* WORK TO COMPLETE
Only the pictures should be left out; repeat the rest of the data exactly.

* RECORDED INFORMATION
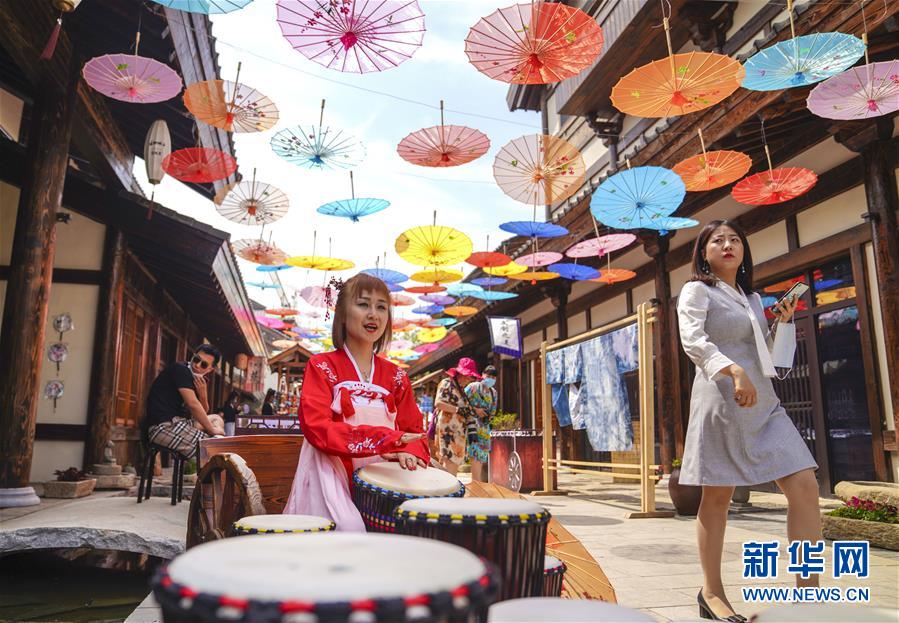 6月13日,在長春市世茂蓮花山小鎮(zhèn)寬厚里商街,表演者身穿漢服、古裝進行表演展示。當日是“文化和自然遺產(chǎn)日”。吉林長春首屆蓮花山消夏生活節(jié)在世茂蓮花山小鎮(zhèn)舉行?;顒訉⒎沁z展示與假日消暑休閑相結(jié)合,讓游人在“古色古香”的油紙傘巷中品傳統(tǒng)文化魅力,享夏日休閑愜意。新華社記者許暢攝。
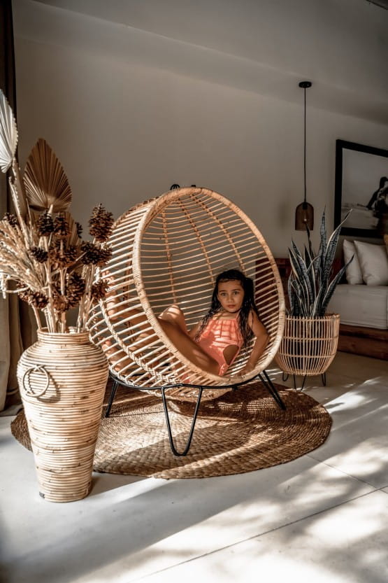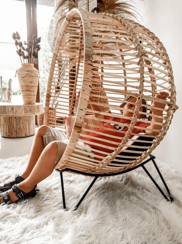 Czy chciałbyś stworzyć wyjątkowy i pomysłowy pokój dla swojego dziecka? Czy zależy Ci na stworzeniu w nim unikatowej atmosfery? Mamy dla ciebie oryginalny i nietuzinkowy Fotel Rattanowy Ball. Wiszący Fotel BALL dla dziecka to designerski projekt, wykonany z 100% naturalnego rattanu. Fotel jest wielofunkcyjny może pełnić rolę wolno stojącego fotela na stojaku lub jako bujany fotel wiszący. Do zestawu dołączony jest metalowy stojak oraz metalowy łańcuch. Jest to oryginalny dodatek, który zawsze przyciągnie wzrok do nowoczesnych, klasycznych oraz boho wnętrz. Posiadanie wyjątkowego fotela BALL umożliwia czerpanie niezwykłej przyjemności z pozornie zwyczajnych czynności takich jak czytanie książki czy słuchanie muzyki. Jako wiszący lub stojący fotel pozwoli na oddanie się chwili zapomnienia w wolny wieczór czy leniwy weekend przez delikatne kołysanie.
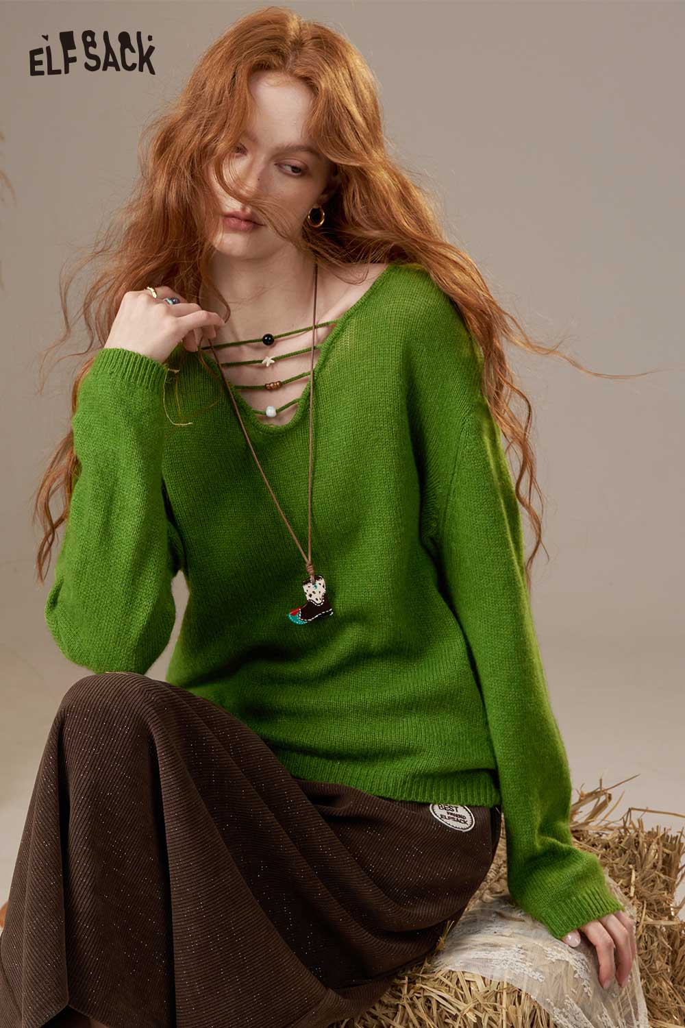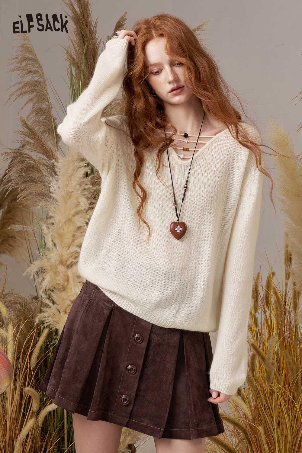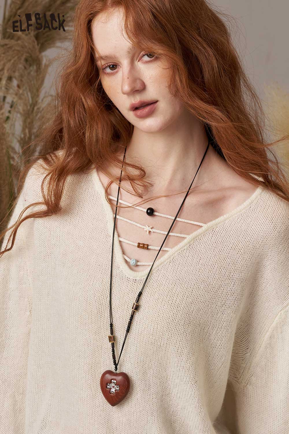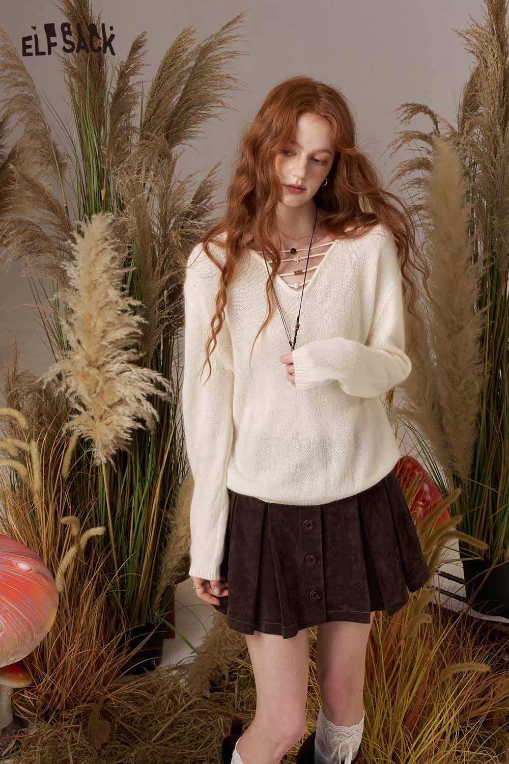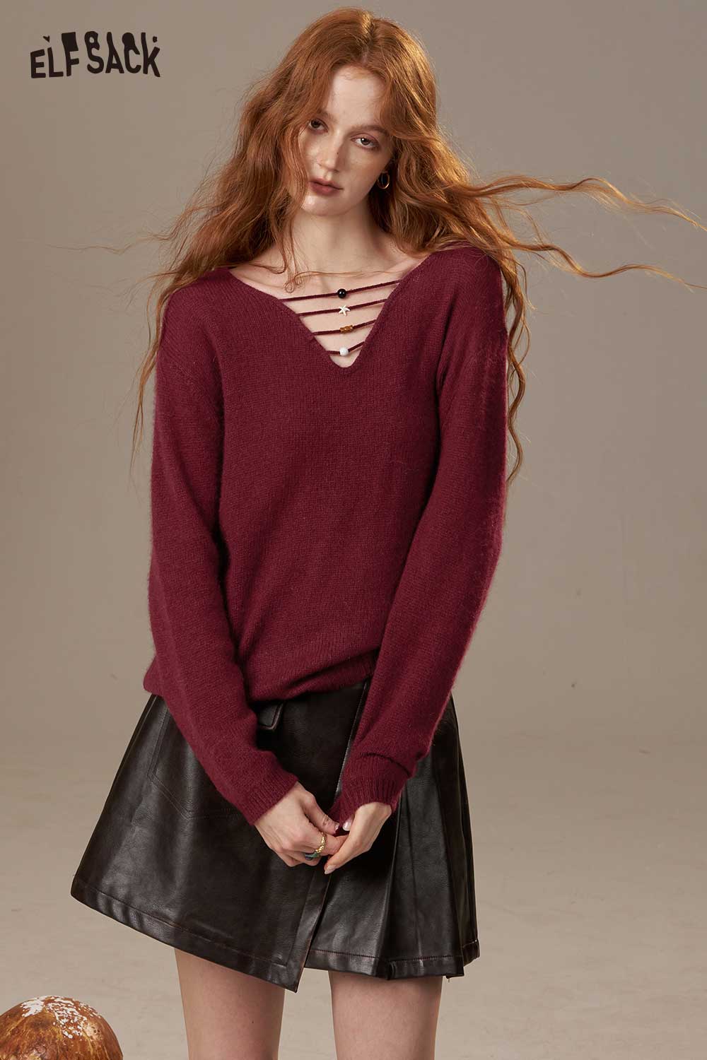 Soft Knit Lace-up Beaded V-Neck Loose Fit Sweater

* SOLUTION TO THE PROBLEM
 6月13日,在長春市世茂蓮花山小鎮(zhèn)寬厚里商街,表演者身穿漢服、古裝進行表演展示。當日是“文化和自然遺產(chǎn)日”。吉林長春首屆蓮花山消夏生活節(jié)在世茂蓮花山小鎮(zhèn)舉行?;顒訉⒎沁z展示與假日消暑休閑相結(jié)合,讓游人在“古色古香”的油紙傘巷中品傳統(tǒng)文化魅力,享夏日休閑愜意。新華社記者許暢攝。
 Czy chciałbyś stworzyć wyjątkowy i pomysłowy pokój dla swojego dziecka? Czy zależy Ci na stworzeniu w nim unikatowej atmosfery? Mamy dla ciebie oryginalny i nietuzinkowy Fotel Rattanowy Ball. Wiszący Fotel BALL dla dziecka to designerski projekt, wykonany z 100% naturalnego rattanu. Fotel jest wielofunkcyjny może pełnić rolę wolno stojącego fotela na stojaku lub jako bujany fotel wiszący. Do zestawu dołączony jest metalowy stojak oraz metalowy łańcuch. Jest to oryginalny dodatek, który zawsze przyciągnie wzrok do nowoczesnych, klasycznych oraz boho wnętrz. Posiadanie wyjątkowego fotela BALL umożliwia czerpanie niezwykłej przyjemności z pozornie zwyczajnych czynności takich jak czytanie książki czy słuchanie muzyki. Jako wiszący lub stojący fotel pozwoli na oddanie się chwili zapomnienia w wolny wieczór czy leniwy weekend przez delikatne kołysanie.
 Soft Knit Lace-up Beaded V-Neck Loose Fit Sweater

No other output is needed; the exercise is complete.